Hoffer: Another major consideration for this type of lens is that it is positioned away from the crystalline lens.
Baikoff: I feel that the Vivarte lens offers several advantages such as a very small incision, very stable results, and it is an easy lens to implant.
Fine: Dr. Baikoff, if that Vivarte lens is as wonderful as its early press releases say, do you use it for your cataract surgery patients?
Baikoff: No, not yet. The lens was designed for phakic patients, and not for aphakic or pseudophakic patients. But we can suggest using the Vivarte lens as a presbyopic piggyback lens for pseudophakic patients.
Disadvantages of Angle-Supported PIOLs
Piovella: For me, the most difficult aspect of angle-supported phakic IOLs is determining the correct lens size. With a properly sized lens, I feel the complications decrease.
Marinho: My experience is that pupil ovalization is still a problem with anterior chamber lenses. This is the main disadvantage of anterior chamber angle-supported lenses, as opposed to problems in the endothelium.

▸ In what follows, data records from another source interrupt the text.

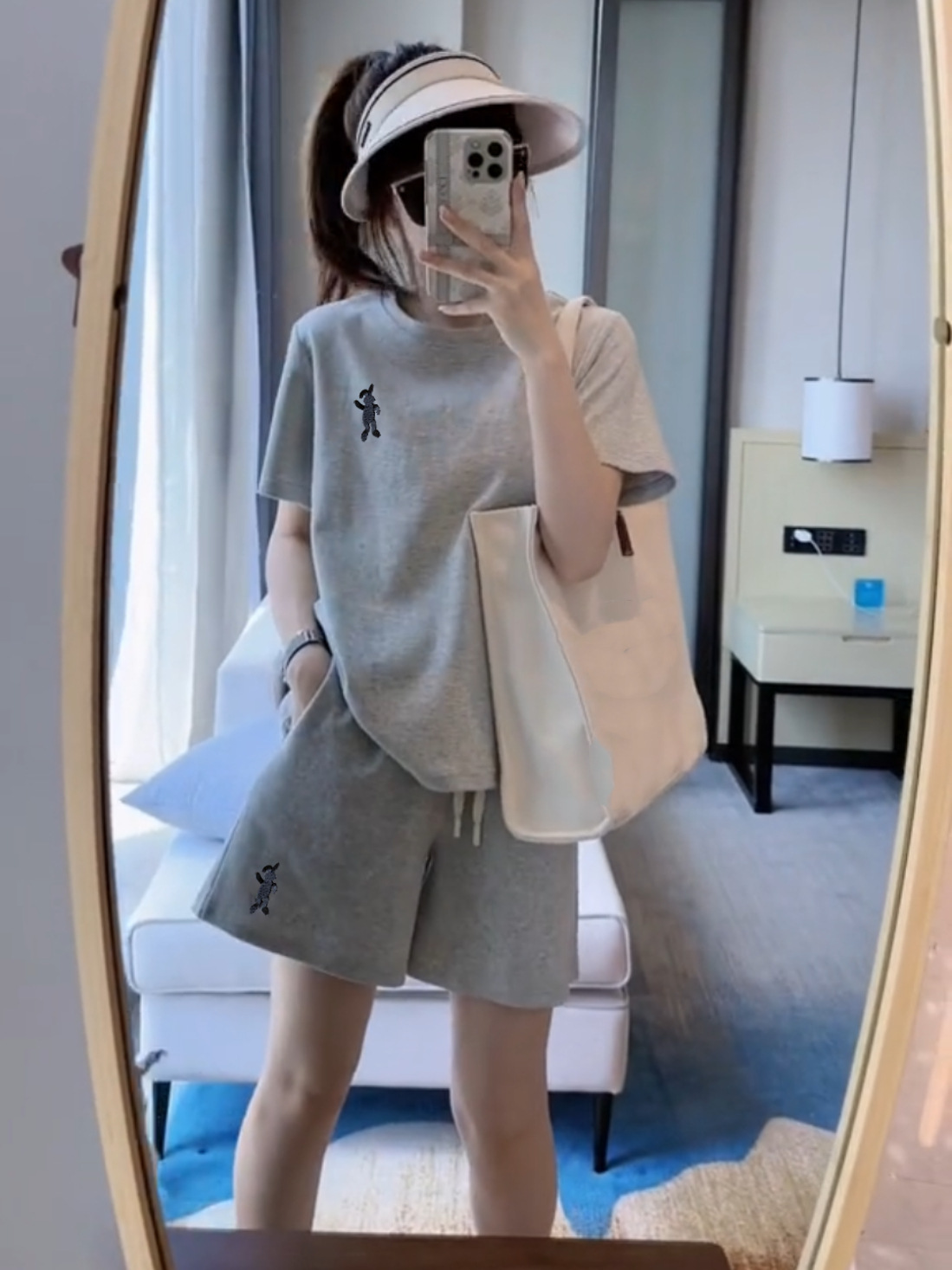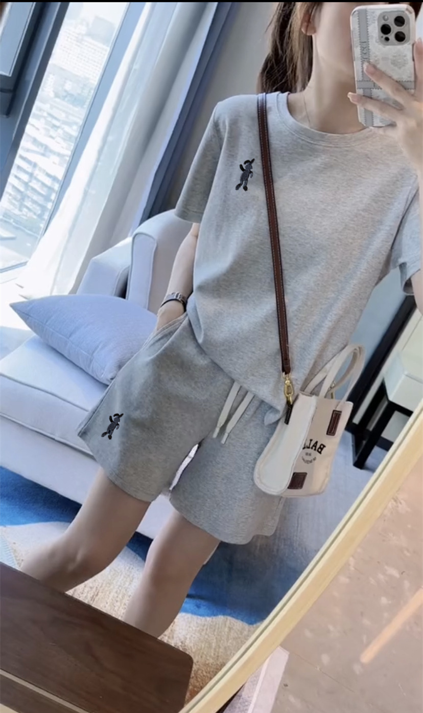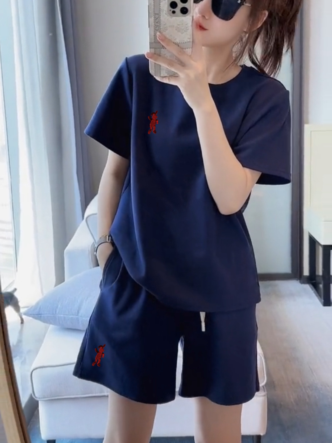 オリジナル品質アマゾン韓国女性の夏ルーズ半袖 Tシャツショーツスポーツ刺繍文字カジュアルスーツ
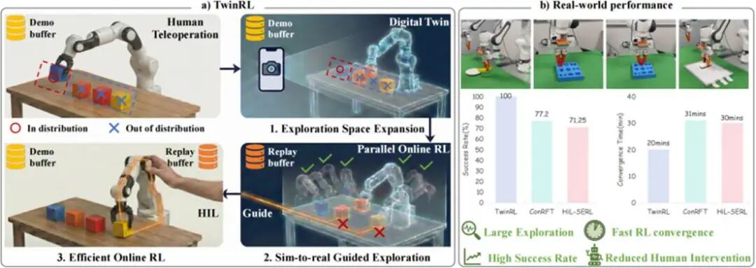 技术核心:TwinRL 借助数字孪生扩展了真机强化学习的探索空间,极大提升了探索效率。
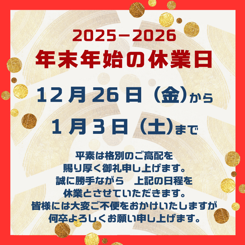 年末年始の休業日の

Kraff: The key point in achieving success with angle-supported lenses is that you must know the size of the internal part of the anterior segment before surgery.
Baikoff: We now have systems to measure the internal angle diameter of the anterior chamber, and very soon we will have OCT, which will give us the exact sizing with a precision of 10 or 20 µm. This will improve results considerably and decrease the risk of pupil ovalization.
Advantages of Iris-Fixated PIOLs
Marinho: The major advantage of iris-fixated phakic IOLs is that one size fits all. The surgical technique is more difficult, but future complications related to the size of the lens in the anterior chamber or fixated in the posterior chamber are eliminated.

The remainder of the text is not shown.